One of the main aspects you need to think about when becoming a landlord is the tax position and ensuring that you meet the tax reporting requirements.

When you start receiving rental income, you must notify HMRC by 5 October following the end of the tax year rental income commenced to register for Self Assessment. If you already complete tax returns you will be able to report the rental income on the return which will be due by 31 January following the end of the tax year.

Income tax is payable on rental profit, this is calculated by taking your rental income and deducting allowable expenses. The income will be taxed at your marginal rate. If a loss arises, generally this can be offset against other rental income for the year or otherwise carried forward and offset against future property income.

It is vital that you keep a copy of each rental statement as well as receipts and invoices which demonstrate the costs incurred. We also recommend keeping a record of mileage travelled in relation to managing the rental property.

Allowable Expenses

Expenses must be incurred “wholly and exclusively” for the purposes of renting the property. The tax return categorises the allowable expenses as set out below, we have listed some common expenses for each section:

Property repairs and maintenance

  • General maintenance and upkeep
  • Repairing damage
  • Redecoration between tenants to restore property to original condition
  • Like-for-like replacements of household items, furniture, appliances etc.

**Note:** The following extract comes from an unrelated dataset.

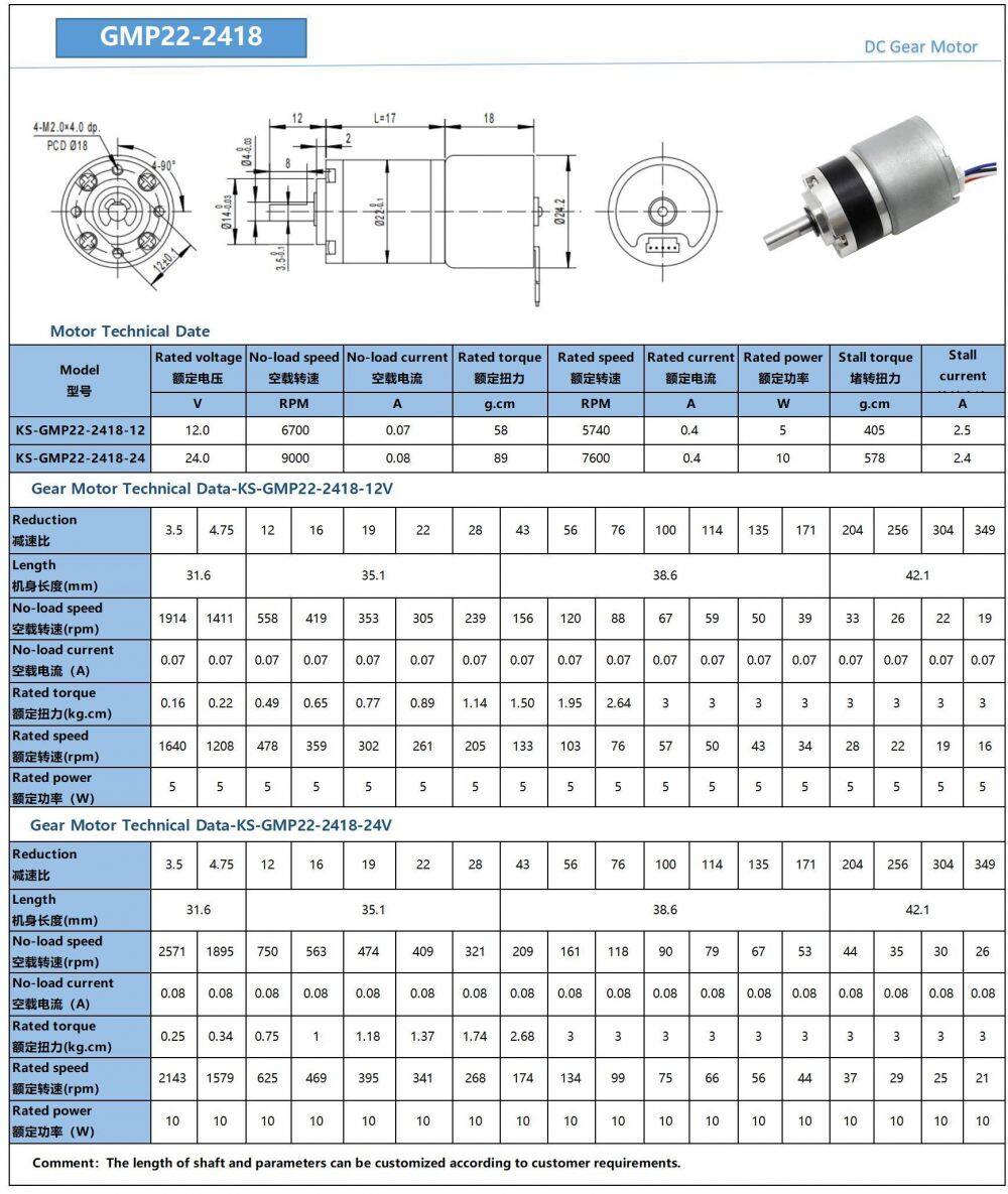 22GP-2418 DC Brushless Motor 12-24VDC With Planetary Gearbox Hall Sensor Encoder

Legal, management and professional costs

  • Management and letting agent fees
  • Accountancy fees
  • Legal fees in relation to renting the property

Rent, rates and insurance

  • Council tax, water rates, utility bills.
  • Building insurance
  • Ground rents and service charges
  • Annual gas safety inspection

Costs of services

  • Gardening
  • Cleaning
  • Wages


  • Mileage – to meet tenants, travel for repairs, or performing inspections.
  • Direct costs such as advertising for tenants, phone calls and stationery

Other considerations

  • Mortgage interest – Tax relief can be claimed on mortgage or loan interest paid in relation to the rental property. On residential properties relief is restricted to basis rate and is calculated as a tax reducer.

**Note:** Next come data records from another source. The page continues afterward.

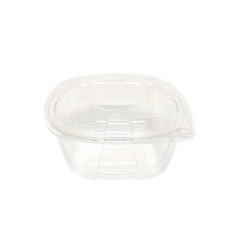 VG PET Tamper Evident Square Bowls are perfect for leaf or pasta salads, cut vegetables, cut fruit, nuts, candies and other specialty foods.. Available in 5” (Small), 7.5” (Medium) and 9” (Large) convenient diameters. These square bowl options are stackable and increase the shelf space efficiency by 25% over round bowls. Crystal clear lids give the consumer a clear view before buying and they are also crack-resistant and spill-proof to ensure safe and stable handling. Black bases available in custom option.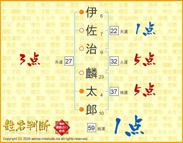 伊佐治麟太郎さんの総運は59画の1点!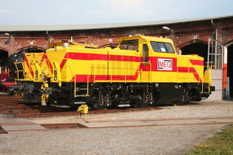 Bei unserer Veranstaltung am 4. und 5. Juli 2015 waren eine Hybridlok H3 von Alstom und eine dieselhydraulische Streckenlauflok vom Typ G1206 zu sehen. Beide sind derzeit bei der Mitteldeutschen Eisenbahngesellschaft (MEG) in Betrieb.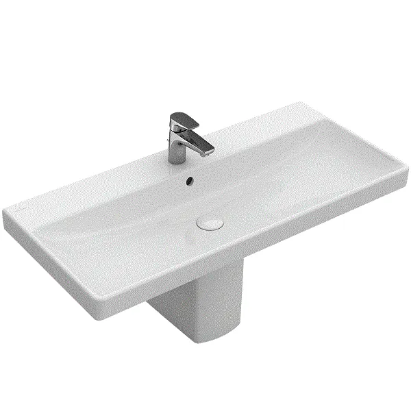 Раковина, Villeroy&Boch, Avento, ширина, мм-1000, глубина, мм-470, тип установки-на тумбу, отверстия для смесителя-одно, перелив-есть, декор-без декора, материал-керамика, цвет-альпийский белый арт-4156A501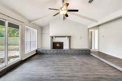 Beautifully updated three bedroom two bathroom home offering a spacious and functional layout with recent interior improvements throughout. The living area features vaulted ceilings with exposed beams, a wood burning fireplace, and large windows that bring in excellent natural light. A sliding door provides easy access to the backyard and patio.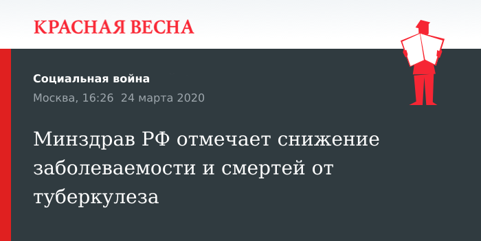 Минздрав РФ отмечает снижение заболеваемости и смертей от туберкулеза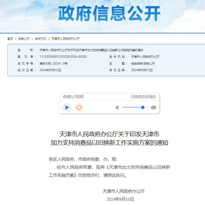 天津市加力支持消费品以旧换新工作实施方案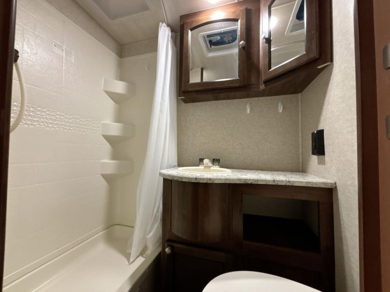 The bath features a tub/shower, toilet, and a sink. There is also an entertainment center with storage along the opposite wall of the bath near the dinette slide. You can add an optional TV if you like.

  • Property allowance – If the total allowable expenses are below £1,000, across all rental properties for the tax year, we recommend claiming the property allowance of £1,000 instead. Where this is claimed the rental profit is calculated by deducting the property allowance from the rental income.
  • Rent a room relief – If you rent a spare room in the property you currently live in, you can claim up to £7,500 in relief.  If the gross rental income is below the limit of £7,500, no tax will be suffered.

  • Furnished holiday lets – If relevant letting conditions are met the property will be considered a furnished holiday let which can benefit from capital allowances and capital gains tax relief.

  • Capital gains tax – As well as the income tax we would recommend considering the capital gains tax position if you may sell or gift the property in the future.

  • Income tax planning – where properties are held jointly between spouses there may be scope to consider changing the beneficial ownership as this may result in a significant tax saving.